If you’re one of those people that reads their email in multiple locations (say, on the Web with Gmail then on your desktop with Outlook) then I’m sure you’ve noticed that some, nay, alot of messages get butchered in one client but look perfectly fine in another.
This is typically a result of two separate problems. First, the developers of the email message that you received perhaps didn’t use Web standards when composing it. Alternatively, the email authors may have done everything right and composed the message using the most modern standards possible but the developers of your email client don’t know what they’re doing. It’s 50/50 for me… I’ve experienced both the former and the latter equally, I do believe.
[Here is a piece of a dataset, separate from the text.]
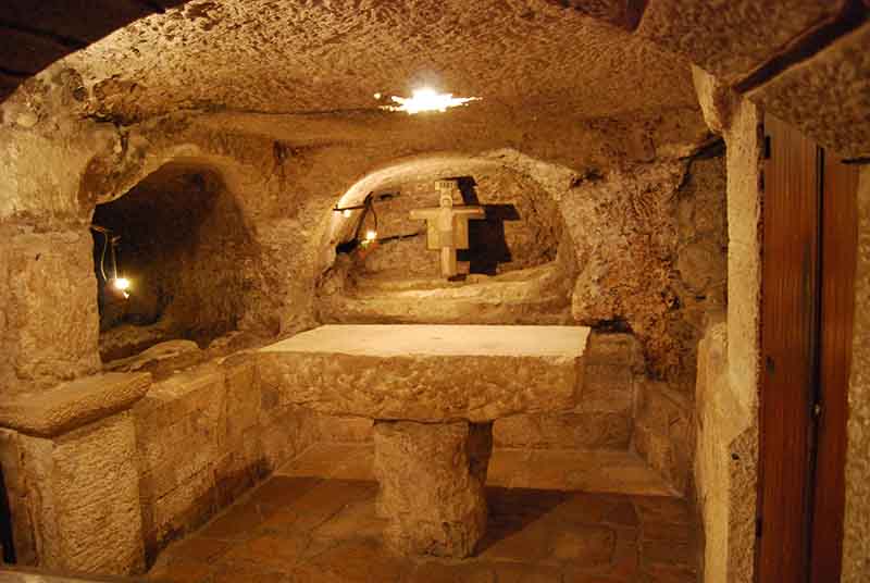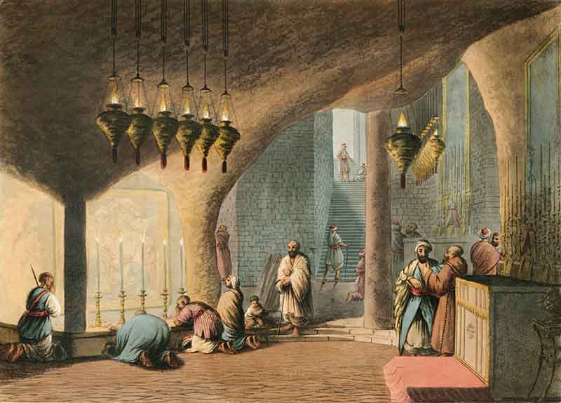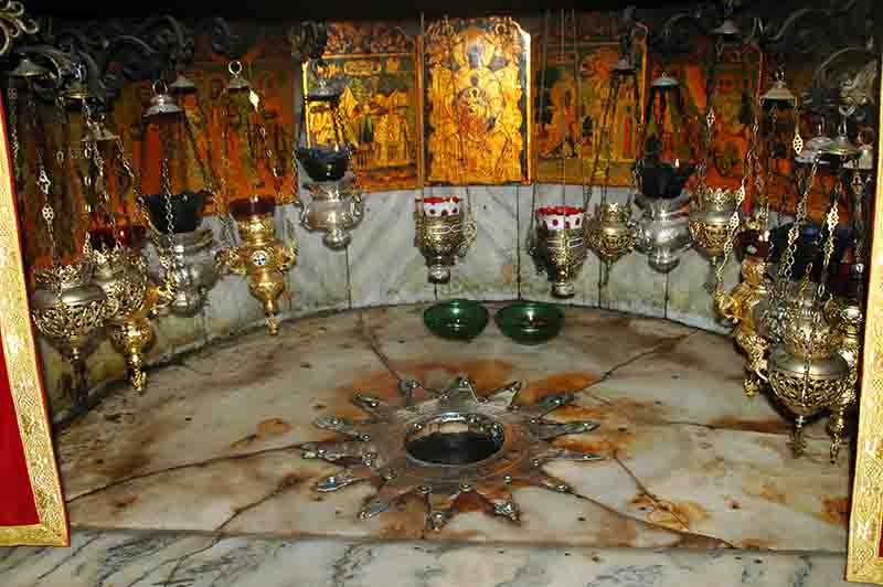 Below a 14-point silver star in the floor is the Grotto of the Nativity, a rock cave thought to be the original location of Jesus’ birth. Today, much of the cave is lined with polished marble, as pilgrims have visited this location for over 1700 years.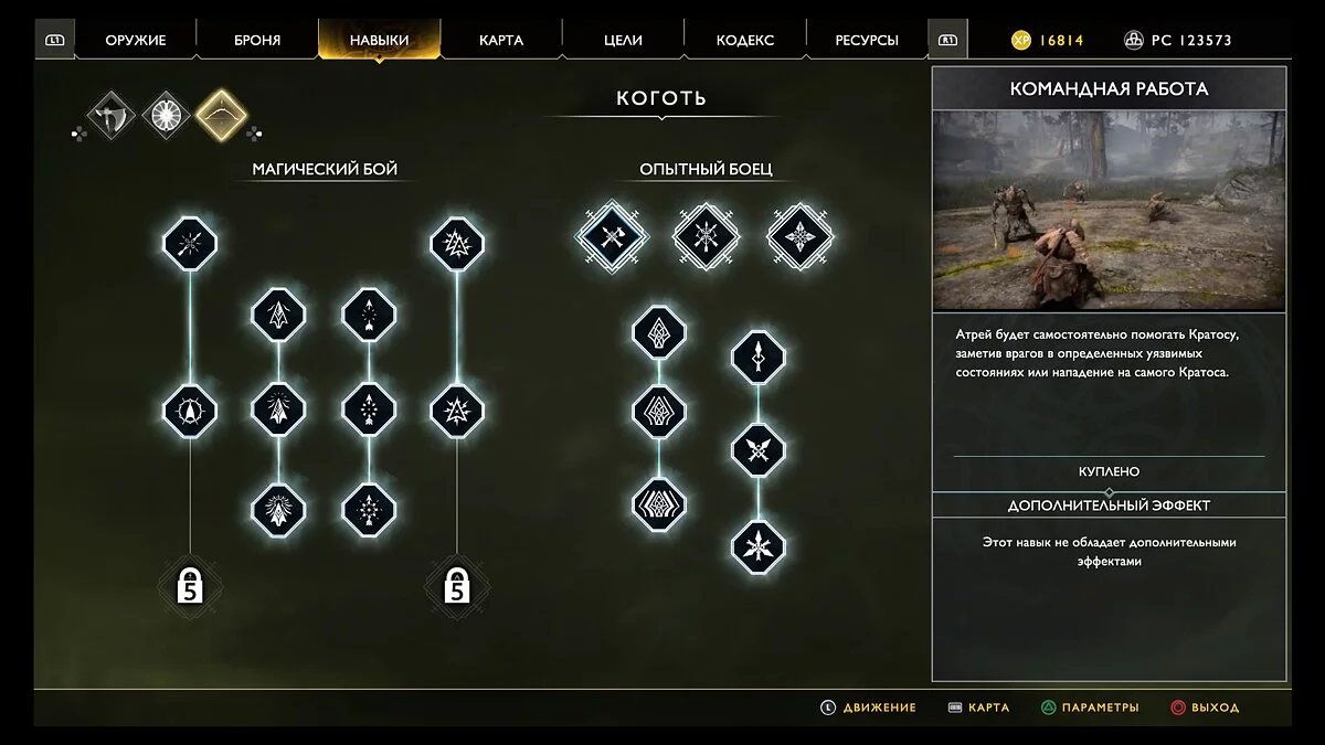 Командная работа — это главное отличие новой части God of War от прошлых игр серии. В новом приключении Кратосу помогает его сын. Он постепенно осваивает стрельбу из лука, помогая отцу держать противником под обстрелом. Все навыки, связанные с сыном Кратоса, стоят не так много очков опыта, зато они очень полезны во время боя. Обязательно улучшайте их, как и навыки, связанные со щитом.

Regardless of where the problem originated, there is a solution: agreeing to a set of standards and sticking to them.
That’s where the "Email Standards Project" comes in.
The goal of the Email Standards Project is to work with both the design community (to help them "understand why standards are so important for email") and email client developers (to "ensure that emails render consistently.")
More information is available at email-standards.org including info on how you can help with the project. You can even find up-to-date ratings of current email clients like Google’s Gmail (FAIL), Windows Live Mail (WIN) and, of course, everybody’s favorite email client: Microsoft Office Outlook 2007 (you guessed it: FAIL – most likely because it uses Microsoft Word as a rendering engine).
The tests are based on the ever-infamous acid test and go into detail as to what displays properly in the client and what doesn’t.
It’s a noble cause in my personal opinion and I sincerely hope that both Google and Microsoft invest a little more time and money into ensuring that some of their most popular products follow a set of reasonable standards… something that even Mozilla’s Thunderbird can offer.